The room was full of brilliant minds, mostly from the design, media, architecture, and art worlds. After some organic food and drink and conversation about the book itself, we sat everyone down, handed out pens and paper, and asked the question: If 2006 was about green becoming "the new black," what will 2007 be about? What's next?

Kimberly Oliver spoke first, postulating that sustainability is on its way to a tipping point where it will become ubiquitous and mainstream à la "Green is the new Wal-Mart." Treehugger founder Graham Hill wondered if mainstreaming would just lead to greenwashing and a dilution in quality of available green products. Bart Bettencourt (of Haute Green, Scrapile and Bettencourt Wood fame) agreed, adding that this year we'll see even more marketing geared towards a green consumer, which brings the danger of inauthentic claims. On the other hand, Bart sees corporate adoption of green practices as a good thing if we can keep the bar high. "We're still in a transitional period," he said, and if we can hold to our standards as we move through it, we might hit the tipping point Kimberly brought up.

Several times, conversation came back to the notion that we need to keep the bar high, that in the absence of strict standards and real vision, the current vogue for environmentally- and socially-responsible consumerism would merely dissipate into an excuse for greater consumption.

Rebecca Silver pointed out that there's a knowledge gap which hinders progress in design and large-scale manufacturing, as well as in widespread responsible consumerism; we need a certain amount of basic education to get the green momentum going -- and, added Sandra Hansel of Design Within Reach (which graciously sponsored the evening) -- we need to feel like there's no deep sacrifice involved in becoming more responsible.

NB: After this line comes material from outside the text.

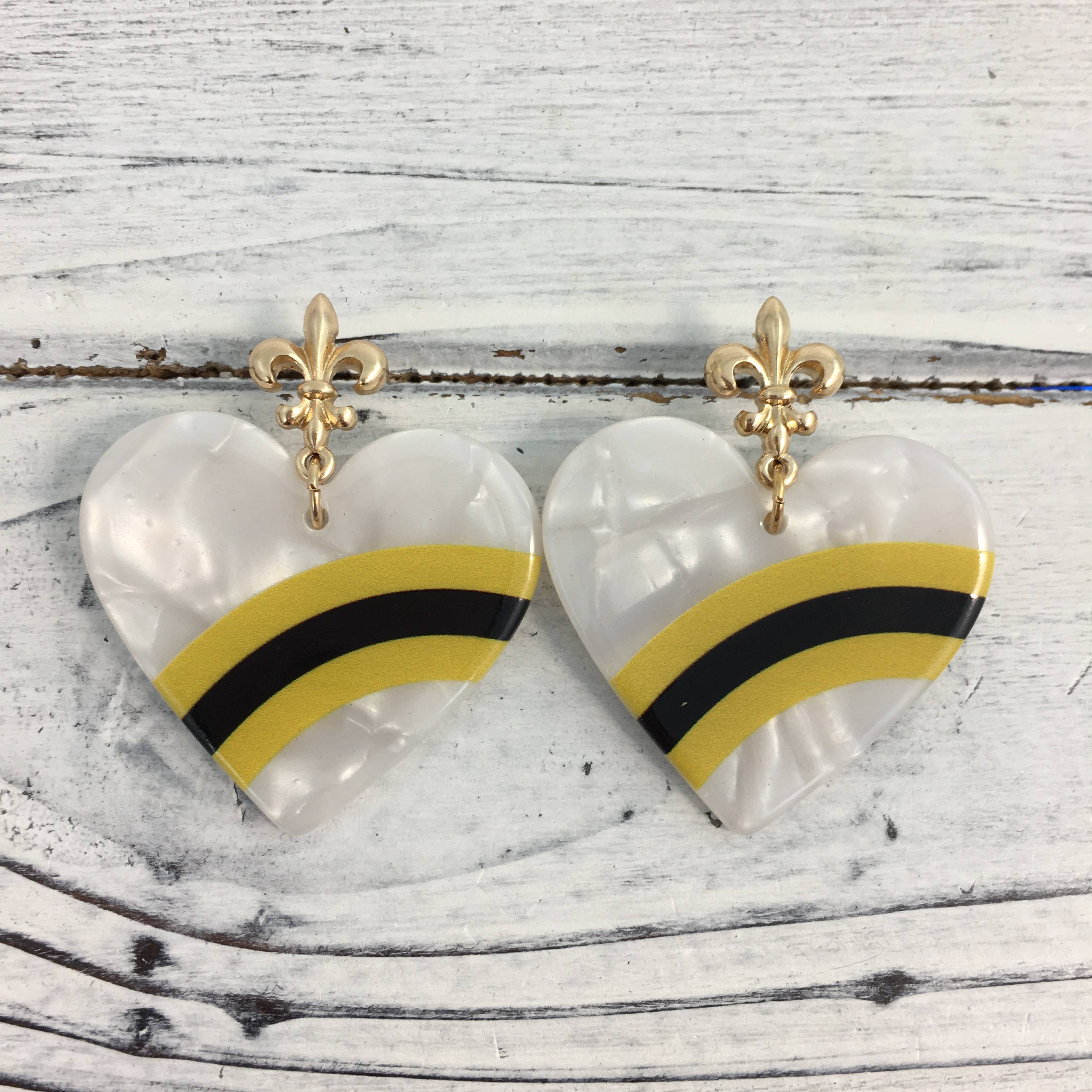 These are our black and gold heart earrings! These have a dainty fleur de lis as the post! These are so cute and perfect for game days and team pride! Find more in our Black and gold team gear collection!

But does it matter, asked Graham, if people understand the complexity behind a green product, as long as they are finding sufficient motivation to choose it?

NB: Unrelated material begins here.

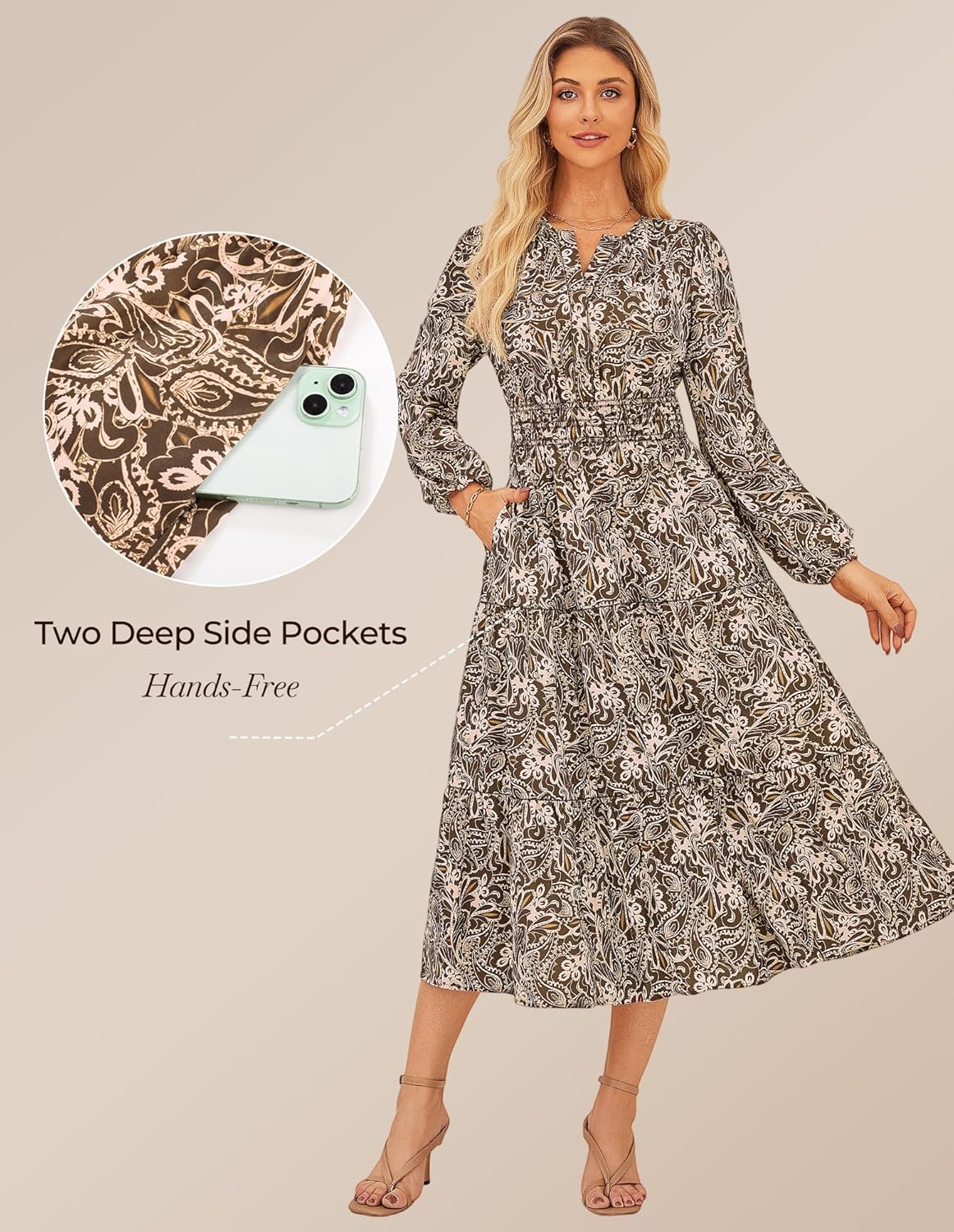 GRACE KARIN Fall Dresses for Women 2025 Floral Long Sleeve Maxi Dress

Most of the group countered that it does matter: since the gap between current practices and sustainability is so large, education must be constant if consumers are going to learn to choose the truly green from the only marginally green. "What's green today might not be green tomorrow," said Rebecca.

So coming back to the original question... As Alex has often said before, this cresting green wave might be compared to the early edge of Internet Boom -- lots of venture capital and investment dollars floating around and a near-boiling eagerness to make a fundamental shift, particularly in business, by throwing funding in new directions. That there will certainly be an investment bust to follow at some point should not frighten us, because in the meantime, many sustainable practices will become widely adopted: after all, the Net's alive and well, even after the Dot.Com bubble burst. And, given the magnitude of the challenge ahead of us, the potential for radical capitalism is pretty profound.

It's a sign, Alex pointed out, that this is not the old environmental generation. The last green advocates were spending their time raising the alarm; this generation has already heard it ring. And we are empowering ourselves to push solutions.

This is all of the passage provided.